Diante de “A Grande Arte” primeiro filme de ficção de Walter já profissionalíssimo, um filme que tem seus grandes momentos como um travelling extraordinário que vem do relógio da Central do Brasil até o quarto de um hotel barato na Lapa, onde vemos uma prostituta morta (se não me engano), mas que no conjunto é um corpo muito estranho no Cinema Brasileiro e o próprio Walter reconhece que a partir do essencial, dentre outros, “Terra Estrangeira” é que acabou encontrando seu tom, sua marca autoral que nos traz tanta beleza até hoje.....Enfim, diante de “A Grande Arte” Neville D`Almeida apelou para um atalho crítico vergonhoso e falso. Não tinha nenhuma obrigação de ter gostado da obra, mas dizer que é um filme feito por um filho de banqueiro e que só poderia dar nisto, é algo inconseqüente e irresponsável. Walter reagiu de uma forma curta, fina e genial: Neville é um elefante que usa pantufas!

Mas convêm aqui uns reparos. “A Dama do Lotação” de Neville é baseado em uma pequena história de Nelson Rodrigues que foi esticada para virar filme, o que o prejudica. Já “Os Sete Gatinhos” (ainda que longe dos resultados rodrigueanos maravilhosos atingidos por Arnaldo Jabor em “Toda Nudez Será Castigada” e “O Casamento”), no entanto, é um filme forte, um autêntico ácido jogado no conservadorismo e hipocrisia da sociedade brasileira. É um filme do qual gosto e que gostaria até de rever. “Os Sete Gatinhos” é uma obra em tudo e por tudo diametralmente oposta a “No Meu Lugar”. Aonde em Neville existe uma “grossura” fortemente crítica, em Valente há pura elegância. Mas elegância não é tudo em cinema.

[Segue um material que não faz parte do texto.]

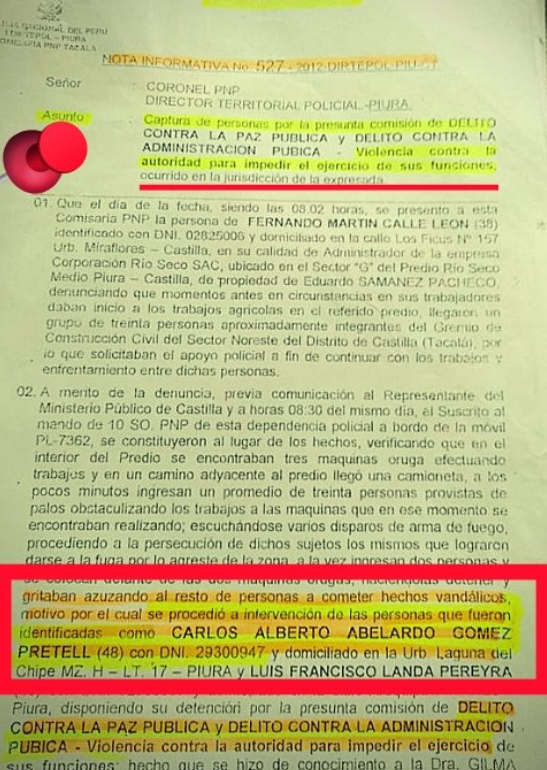 La sentencia a La Gran Cruz también menciona a Alberto Gómez de la Torre Pretell, actual apoderado de la Constructora Miraflores Perú SAC. El 14 de agosto de 2012, según se lee en la sentencia, dos comuneros de Castilla denunciaron que una treintena de personas «bajo amenaza no los dejaban ingresar a sus tierras». Sobre esa ocasión, Wayka tuvo acceso a un parte policial que muestra que la policía detuvo a de la Torre Pretell por el presunto delito contra la paz pública, cuando un grupo de 30 hombres irrumpían con palos y tractores sobre las tierras de Castilla.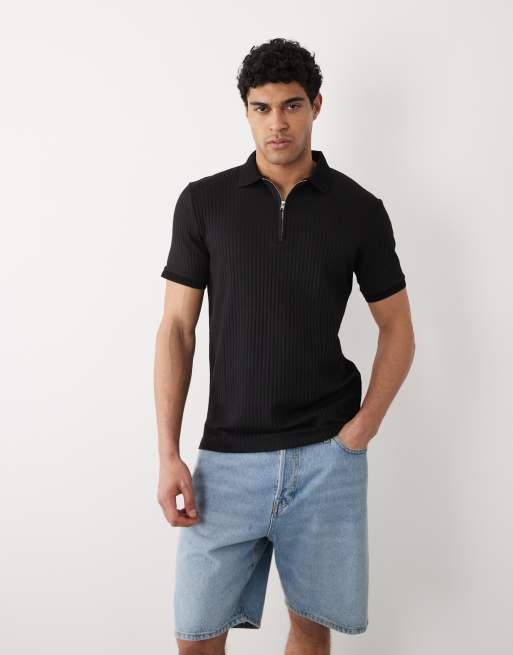 Selected – Geripptes Polohemd in Schwarz mit kurzem Reißverschluss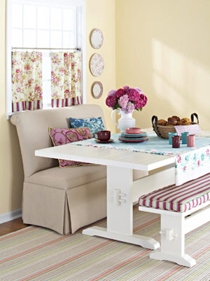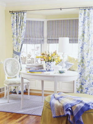 這個色彩繽紛的小休閑區(qū)是不是讓你心情大好?仔細看一看,其實空間本身的色調(diào)很中性化,用了淺褐色的家具和淡雅的黃色墻面。裝飾的重點在于那些表面布滿了花紋的的小配飾,天藍、紫紅、粉紅、淺綠……讓整個空間格調(diào)煥然一新,充滿女人味。
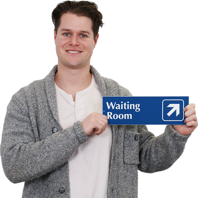 Select-a-Color Engraved Sign: Waiting Room (with Top Right Arrow) SE-2841-TR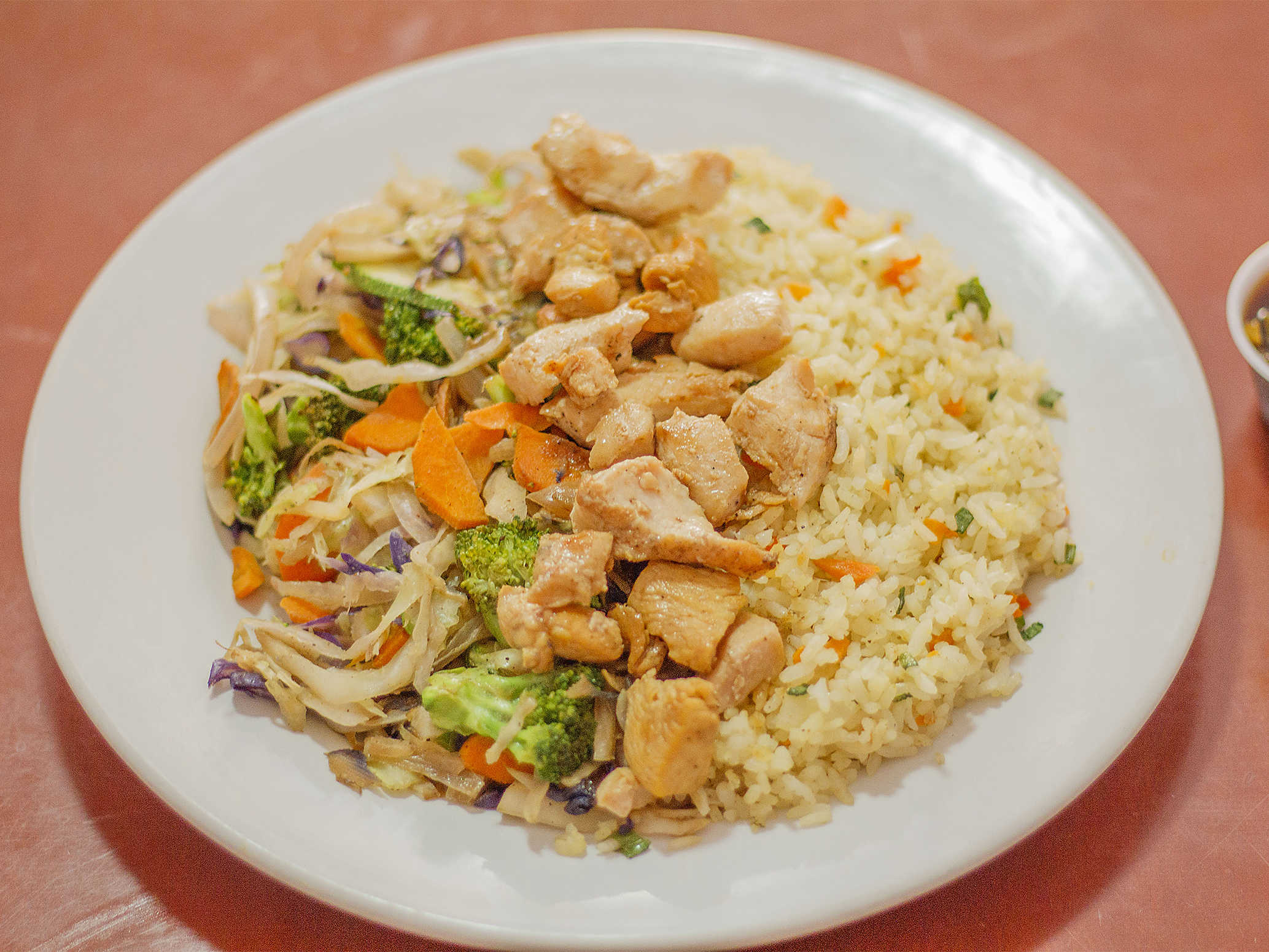 Verduras a la plancha, arroz frito y una porción de pollo capeado bañado con salsa agridulce.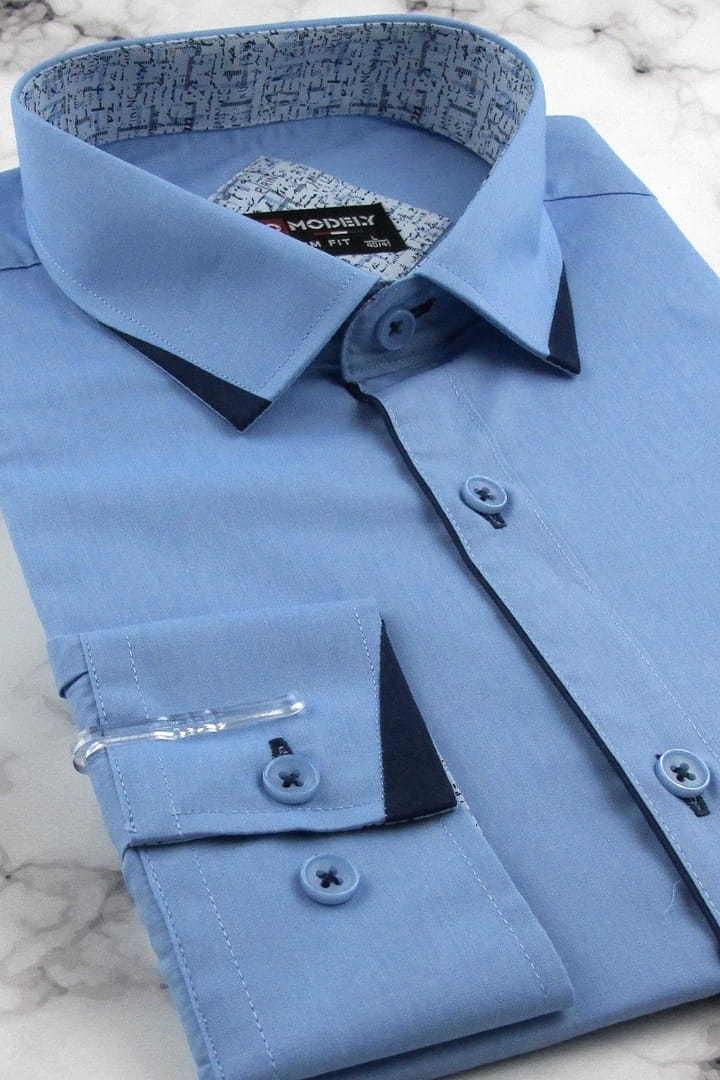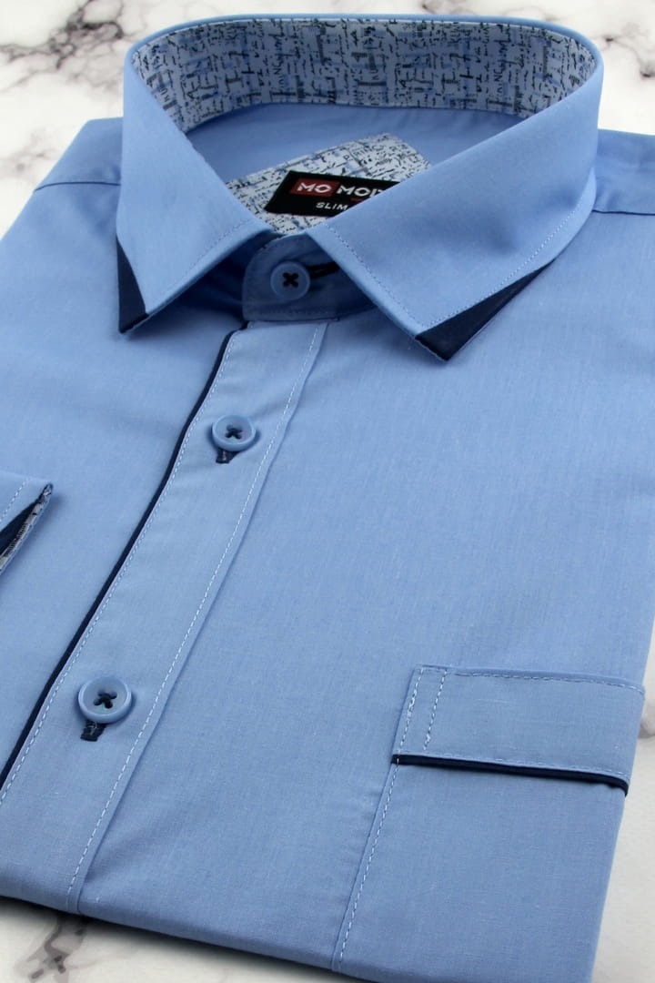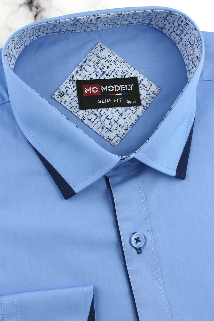 Koszula Męska Elegancka Wizytowa do garnituru gładka niebieska z lamówką z długim rękawem w kroju SLIM FIT Modely H556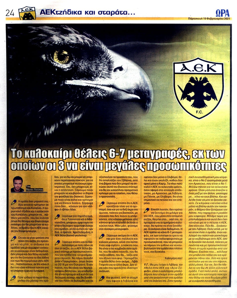ΑΘΛΗΤΙΚΗ ΩΡΑ ΤΩΝ ΣΠΟΡ - 19 Φεβρουαρίου 2021
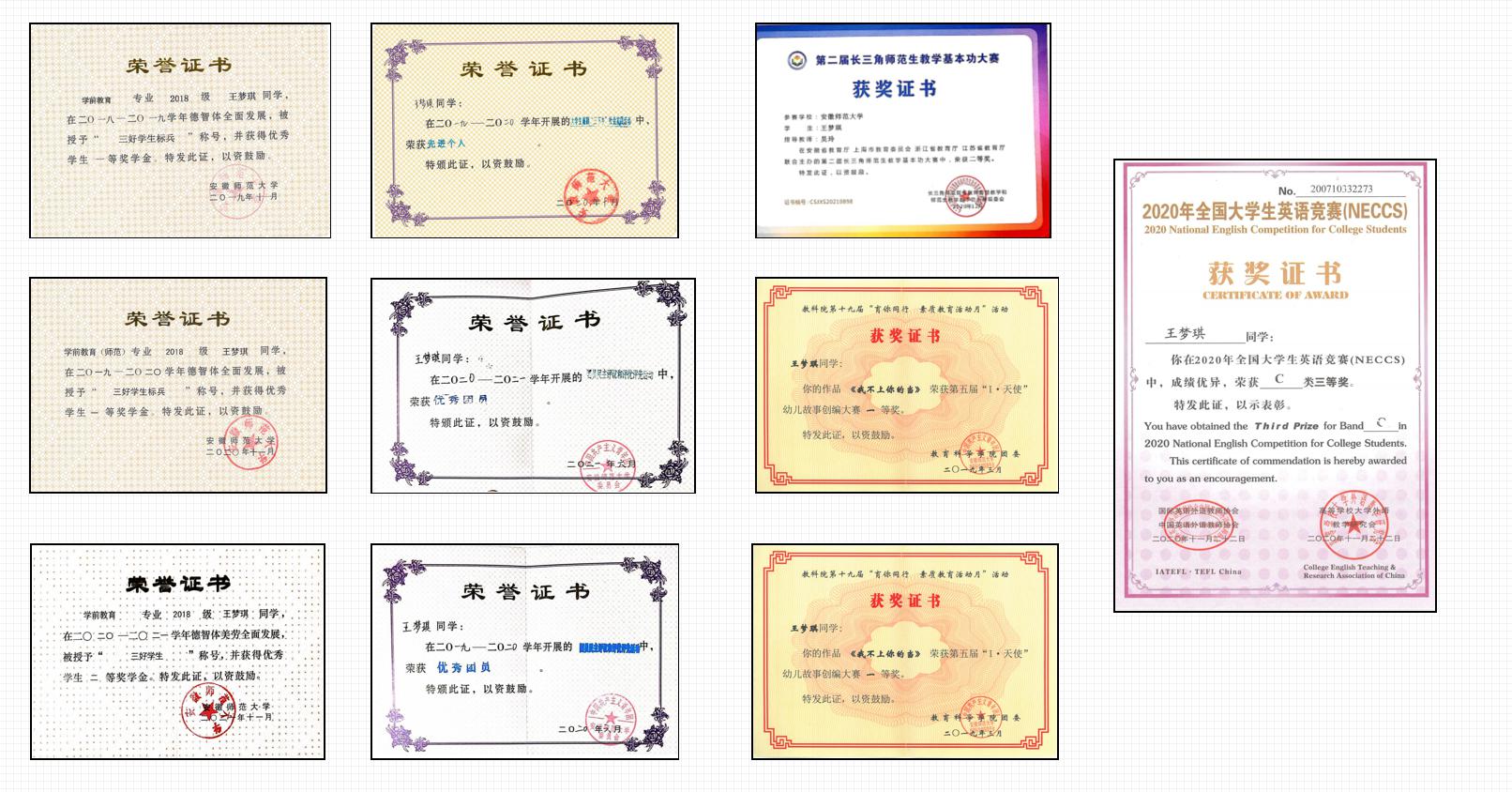 人生百年,始于幼学。作为一名学前教育专业的师范生,王梦琪时刻将自己看作教师队伍的预备军。踏实专注学习专业知识,连续四年获校一等、二等奖学金。认真夯实专业基础,苦练幼儿教师“弹、唱、舞、画”四项技能,在教科院师范生所能参加的最高级别竞赛——长三角师范生技能大赛中荣获二等奖。在大四上学期,她成功推免至南京师范大学,继续攻读学前教育学专业的硕士研究生。她也在各种文体活动中释放着自己的青春活力。获得“I·天使”幼儿故事创编大赛一等奖、“I·演说”青年演说家二等奖、“青春系列微团课”一等奖、“创青春”大学生创业大赛一等奖、红歌比赛一等奖等等。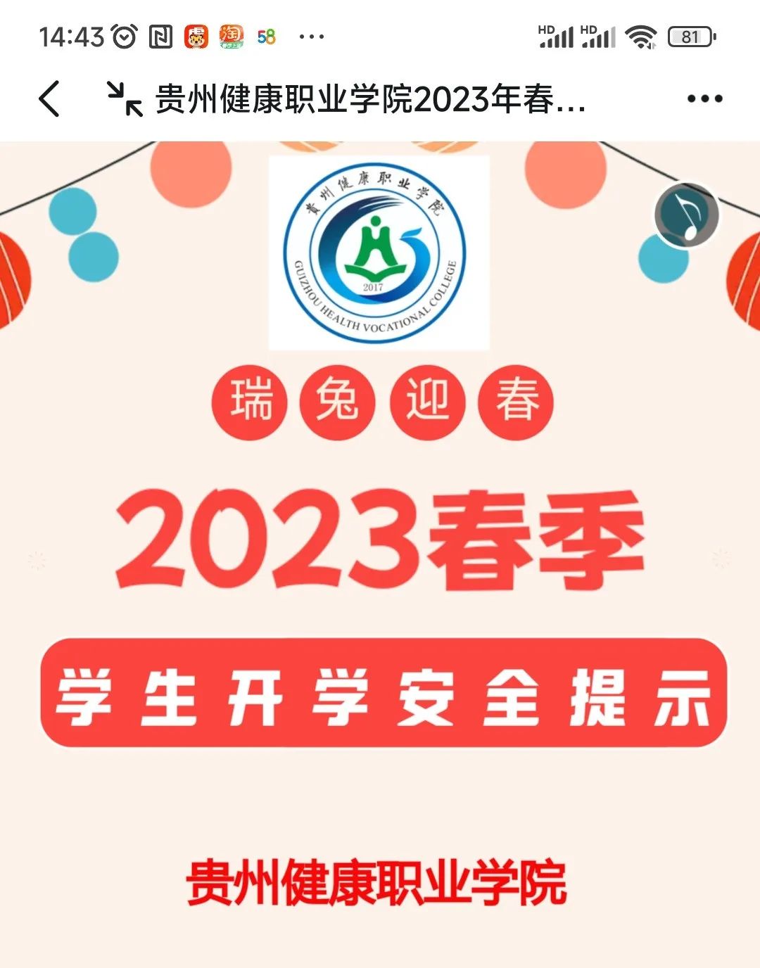 安全提示全覆盖。开学前,通过向全体学生及其家长发布《开学安全提示》H5,提醒做好开学准备的同时,在交通安全、消防安全、饮食安全、防骗防盗、疫情防控等方面做了安全提示,进一步提高了返校师生安全防护意识。

De Eduardo Valente com sua vasta cultura cinematográfica e grande capacidade de escrita crítica neste sentido, eu esperava muito mais do que vi. Valente não tem nada de elefante. Fez seu filme como um artista cosmopolita, dono de invejável erudição cinéfila, mas para terminarmos com uma metáfora, fez seu filme usando pantufas. De tanto querer evitar clichês, o que consegue, temos de admitir, caiu num filme um tanto anódino. Torço para que em seu próximo filme se aproxime mais da idéia de um “poema sujo” cinematográfico, enfim “que tire as pantufas”, caminhe com os pés descalços no chão e atinja com mais vigor a carnadura do real, o que um Cláudio Assis de “Amarelo Manga”, “O Baixio das Bestas” ( e provavelmente no em preparação “Febre do Rato”) atinge de sobra.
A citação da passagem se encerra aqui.